We can pre-process with the following code.
And get dimension 12288 which is 64643. 209 sample for training set and 50 for test set.
m_train = train_set_x_orig.shape[0] # number of train samples
m_test = test_set_x_orig.shape[0] # number of test samples
num_px = train_set_x_orig.shape[1] # number pixel on x and y dimension
train_set_x = train_set_x_orig.reshape(m_train, -1).T / 255 # normalize pixel value to [0, 1]
test_set_x = test_set_x_orig.reshape(m_test, -1).T / 255
print(train_set_x.shape, test_set_x.shape)
(12288, 209) (12288, 50)
Train the Model with Logistic Regression
We can train model with the data set get weights, bias.
w, b, costs, A=logistic_regression(X=train_set_x, Y=train_set_y, num_iterations = 2000, learning_rate = 0.005)
0 [[ 0.69314718]]
100 [[ 0.58450836]]
200 [[ 0.46694904]]
300 [[ 0.37600687]]
400 [[ 0.33146329]]
500 [[ 0.30327307]]
600 [[ 0.27987959]]
700 [[ 0.26004214]]
800 [[ 0.24294068]]
900 [[ 0.22800422]]
1000 [[ 0.21481951]]
1100 [[ 0.20307819]]
1200 [[ 0.19254428]]
1300 [[ 0.18303334]]
1400 [[ 0.17439859]]
1500 [[ 0.1665214]]
1600 [[ 0.15930452]]
1700 [[ 0.15266732]]
1800 [[ 0.14654224]]
1900 [[ 0.14087208]]
plt.plot(np.squeeze(costs))
plt.ylabel('cost')
plt.xlabel('iterations (per hundreds)')
plt.title("Learning rate =" + str(learning_rate))
plt.show()
costs[:10]
[array([[ 0.69314718]]),
array([[ 0.74102941]]),
array([[ 0.75315358]]),
array([[ 0.8667087]]),
array([[ 0.7685635]]),
array([[ 0.89701447]]),
array([[ 0.75561323]]),
array([[ 0.88043664]]),
array([[ 0.75148527]]),
array([[ 0.87713305]])]
How Good is the Model on the Sample it has Seen
train_predict = np.where(A >= 0.5, 1, 0)
train_accuracy = np.sum(train_predict == train_set_y) / train_set_y.shape[1]
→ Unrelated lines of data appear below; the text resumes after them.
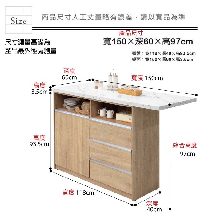 材質 | ◆產品名稱:【綠家居】溫斯5尺單門三抽吧台桌/中島桌櫃(二色可選) 尺寸:(寬)150x(深)60(高)97公分 ◆材質: 材質:防蛀木心板+防潮耐磨腳座+五金滑軌結構+防夾手緩衝門片五金 噴漆:防潮耐磨噴漆處理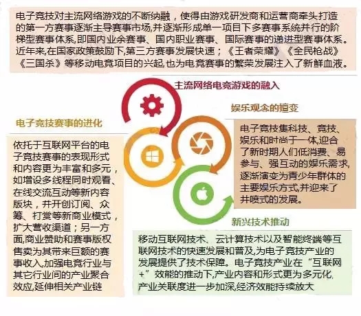 电子竞技产业发展起来,归根结底在于人们娱乐观念的转变;同时,主流网络电竞游戏、电子竞技赛事以及新技术的喷发,极大程度地拉动了电子竞技的崛起。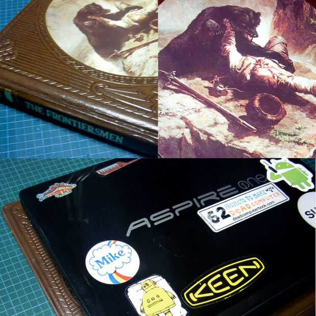 Asegúrese de que el libro que elegiste es ligeramente más grande que tu netbook en todas las dimensiones (ancho, profundidad y altura). Mi netbook medidas 260mm(w)x184mm(d)x30mm(h) [10,25" x7.25"x1.25"], las imágenes muestran cuánto espacio había dejado alrededor de la netbook cuando se comparan con el libro de tapa dura. Quieren un ajuste ceñido, así que probar y encontrar un libro que se parezca a tu netbook.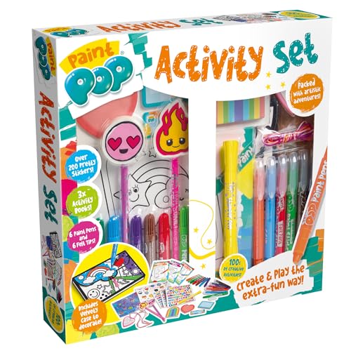 Paint Pop - Big Bumper Activity Set - 100 Children's Activities For Hours of Creative Fun & Play - Includes 200 Stickers, 3 Activity Books, 6 Paint Pens, 6 Felt Tip Pens, 2 Pencils, 4 Note Books, Case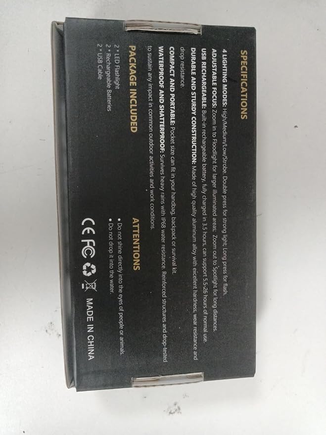 - 【4 Lighting Modes & Zoomable】Navigate through darkness with ease using our LED flashlight's 4 powerful modes: High, Medium, Low, and SOS. Instantly switch to High with a double-click, without having to go through all modes; Long-press activates Strobe mode (self-defense). Adjustable zoom allows floodlight or spotlight: zoom in for close work, out for long distance.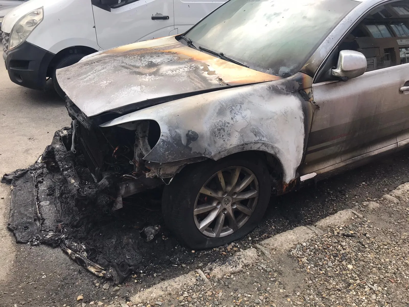 Un Porsche 4x4 a fost incendiat azi-noapte, în Beclean, în jurul orei 1.30, de un bărbat mascat. Acum două săptămâni, aceeași mașină a fost incendiată prima dată, dar focul a fost stins.

print("train accuracy", train_accuracy)
wrong_index = np.argmax(train_predict != train_set_y)
print("wrong predict on sample ", wrong_index, " to ", train_predict[:, wrong_index], "which should be", train_set_y[:, wrong_index])
plt.imshow(train_set_x_orig[wrong_index])
train accuracy 0.99043062201
wrong predict on sample 41 to [0] which should be [1]
<matplotlib.image.AxesImage at 0x7f69a56fc8d0>
Will you say that is a cat? :-(
How Good is the Model on the Sample it has not seen
def predict(w, b, X):
Z = np.dot(w, X)
A = 1.0 / (1.0 + np.exp(-Z))
return np.where(A >= 0.5, 1, 0)
test_predict = predict(w, b, test_set_x)
test_accuracy = np.sum(test_predict == test_set_y) / test_set_y.shape[1]
print("test accuracy", test_accuracy)
wrong_index = np.argmax(test_predict != test_set_y)
print("wrong predict on sample ", wrong_index, " to ", test_predict[:, wrong_index], "which should be", test_set_y[:, wrong_index])
plt.imshow(test_set_x_orig[wrong_index])
test accuracy 0.7
wrong predict on sample 5 to [1] which should be [0]
<matplotlib.image.AxesImage at 0x7f69a58d64a8>
This seems is not a cat. :-(
Why does the Model have Low Accuracy?
With previous logistic regression. We got training set accuracy 99%, and test set accuracy 70%.
70%, not very impressive, right. But why?
A simple answer is that the model is too simple to catch the characteristics.
We will try to improve it in the next blog.